You will find 5 basic Snort rule examples used most often.
The rule header has information defining “who, where, and what” of packets and what to do if a packet indicated by a rule applies to a packet.
The first item in a rule is the rule action, which tells Snort what to do when it finds a packet. The five default actions in Snort, alert, log, pass, activate, and dynamic. You can set your own variables for what to check in traffic or the IPtables drop list. (Learn How To Cancel Avast VPN Subscription)
- alert – generate an alert using the selected alert method, and then log the packet
- log – log the packet
- pass – ignore the packet
- activate – alert and then turn on another dynamic rule
- dynamic – remain idle until activated by an activate rule, then act as a log rule
You can also define Snort commands, rule types and associate one or more of your own variables with them. You can use this rule option as actions in Snort rules.
Snort has three modes of operation:
Snort will sniff all packets in iptables in sniffer mode and drop them to stdout if it finds any.
- v (verbose): tells snort to dump output to the screen.
- d: dumps packet payload (application data)
- x: dumps entire packet in Hex (Including frame headers)
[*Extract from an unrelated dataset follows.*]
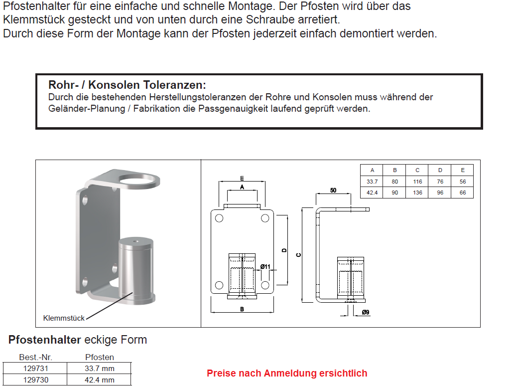 Pfostenhalter eckige Form, rostfrei geschliffen 33,7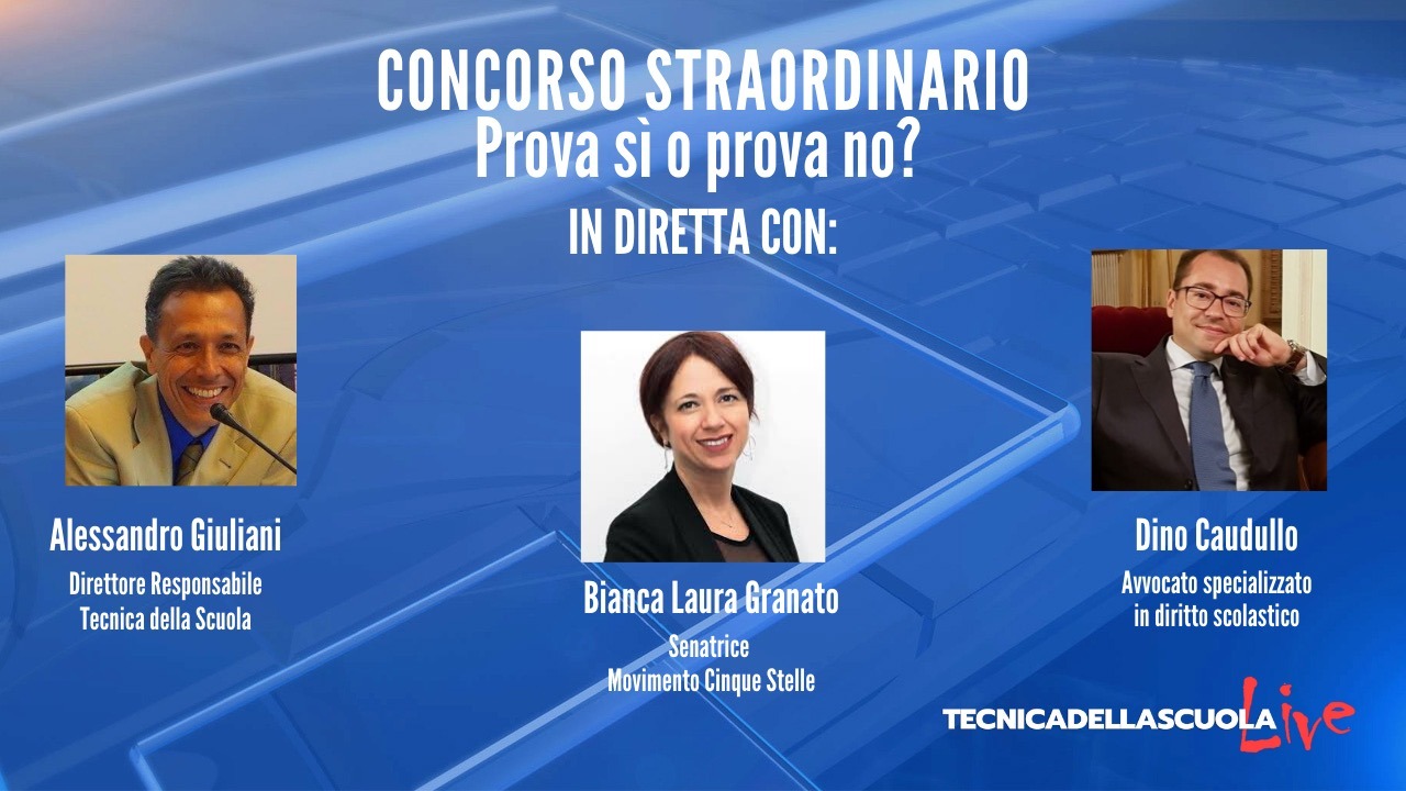 Nella prima parte, condotta dal giornalista Andrea Carlino, spazio all’intervista alla senatrice del Movimento Cinque Stelle, Bianca Laura Granato che risponderà alle domande del direttore della Tecnica della Scuola, Alessandro Giuliani. Nella seconda parte, invece, condotta dal giornalista Fabrizio De Angelis, ci sarà modo per rispondere ai quesiti più interessanti in merito al concorso straordinario. Come, ormai di consueto, sarà l’avvocato Dino Caudullo, esperto di diritto scolastico, a rispondere alle domande poste dai nostri lettori.

- e: display link layer data
Snort rules example: snort -dve
Packet Logger Mode
Here, packet logger mode sends the output file to a log file, which you can use to read back through snort using the ‘–r’ switch search string.
- l (log directory): log to a directory in tcpdump (binary) format
- k (ASCII): Dump packets in ASCII
- h Home subnet (/ notation)
- snort – v – l /var/log/snort/ -h 10.0.1.0/24
- snort – v – k ASCII -l /var/log/snort
To read that saved packet:
The stuff in packet logger mode and comes after the log file name will be Berkly Packet Filter(BPF) statements, like the TCP session tcpdump filters.
- Snort – dve – r /var/log/snort [tcp|udp|icmp]
- Snort – dve – r /var/log/snort host
Here, the mode processes the config file and applies snort rules to any collected traffic.
- c: path to the configuration file
- T: Test the configuration and rules.
Always test first once you have altered a config file or modified the rules files.
- snort – Tc /etc/snort/snort.conf
- snort – c /etc/snort/snort.conf
In reality, a log rule drop when in inline mode would make iptables drop a packet and log it when iptables drop the packet, and then send an alert TCP reset if the protocol is TCP or ICMP port unreachable message if your protocol is UDP.(Learn What Is The Main Difference Between TCP And UDP)
You can quickly see how there are not many entries, yet your Snort Cheat sheet can really help you remember what you need at that ideal moment.